What would count as a counterexample?

A useful counterexample would identify a specific structure that cannot be represented within CG. It should do more than say that the framework is unfamiliar or philosophically broad. It should locate an obstruction.

For example, a counterexample might show:

  • a failure of algebraic closure;
  • a projection that cannot preserve the required structure;
  • an invariant that cannot be expressed in CG variables;
  • a dynamical law that cannot be induced from coherence dynamics;
  • an observable requiring an external law-forming primitive;
  • a domain whose structure cannot be represented through shared amplitude, phase relations, coherence constraints, or projection.

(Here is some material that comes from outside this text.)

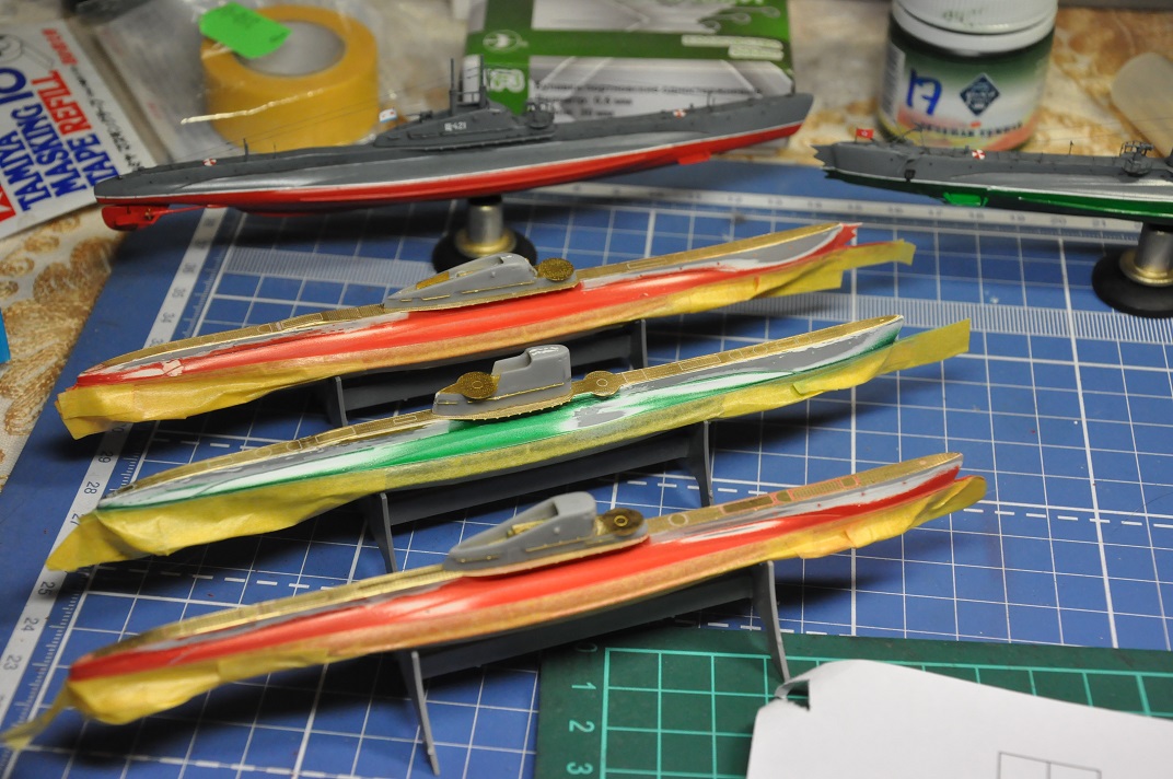 Снял маски с подводной части, которые полгода держались на подводной части. Снялось без проблем - небольшие следы только остались на краске, которые исчезли после того, как глянцевым лаком залил. А вот с ватерлиниями была засада. Забыл сверху по скотчу дунуть - образовались потеки. Причем на всех трех лодках. Пришлось повозиться, убирая огрехи. Но зато руку набил в рисовании тонких ватерлиний.

The important point is that the obstruction should be specific. The problem is not whether CG sounds broad. It is whether a concrete admissible structure fails to fit.

What Does Not Count

The conjecture concerns admissible CG projections, not arbitrary encodings. Merely relabeling an external system in CG notation does not count as closure. A projection should preserve relevant structure, such as invariants, dynamics, symmetries, constraints, observables, or scaling laws.

Likewise, purely verbal objections or declarations that CG “explains everything” or “cannot explain everything” are not very useful by themselves. The interesting question is where the representation works, where it fails, and why.

Why this matters

The point of the conjecture is not to declare that CG explains everything. It is to give the research program a clear pressure test.

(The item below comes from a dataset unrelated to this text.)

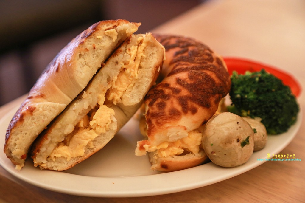 因為我不喜歡單吃貝果或麵包類的東西,所以就把炒蛋和薯餅夾在貝果中間一起吃,

If the conjecture holds broadly, then CG may provide a common structural language for many domains. If it fails, the failure would be just as useful: it would show where the framework reaches its boundary and where new structure is needed.

Either way, the question helps turn a sweeping idea into something that can be examined.

Correspondence Note

This page is intended as a public thought problem and research orientation, not as a call for unsolicited submissions. The Institute is not currently reviewing proofs, disproofs, manuscripts, or proposed solutions related to the Coherence Closure Problem.

Readers who develop serious work around this question are encouraged to document it independently through their own research channels.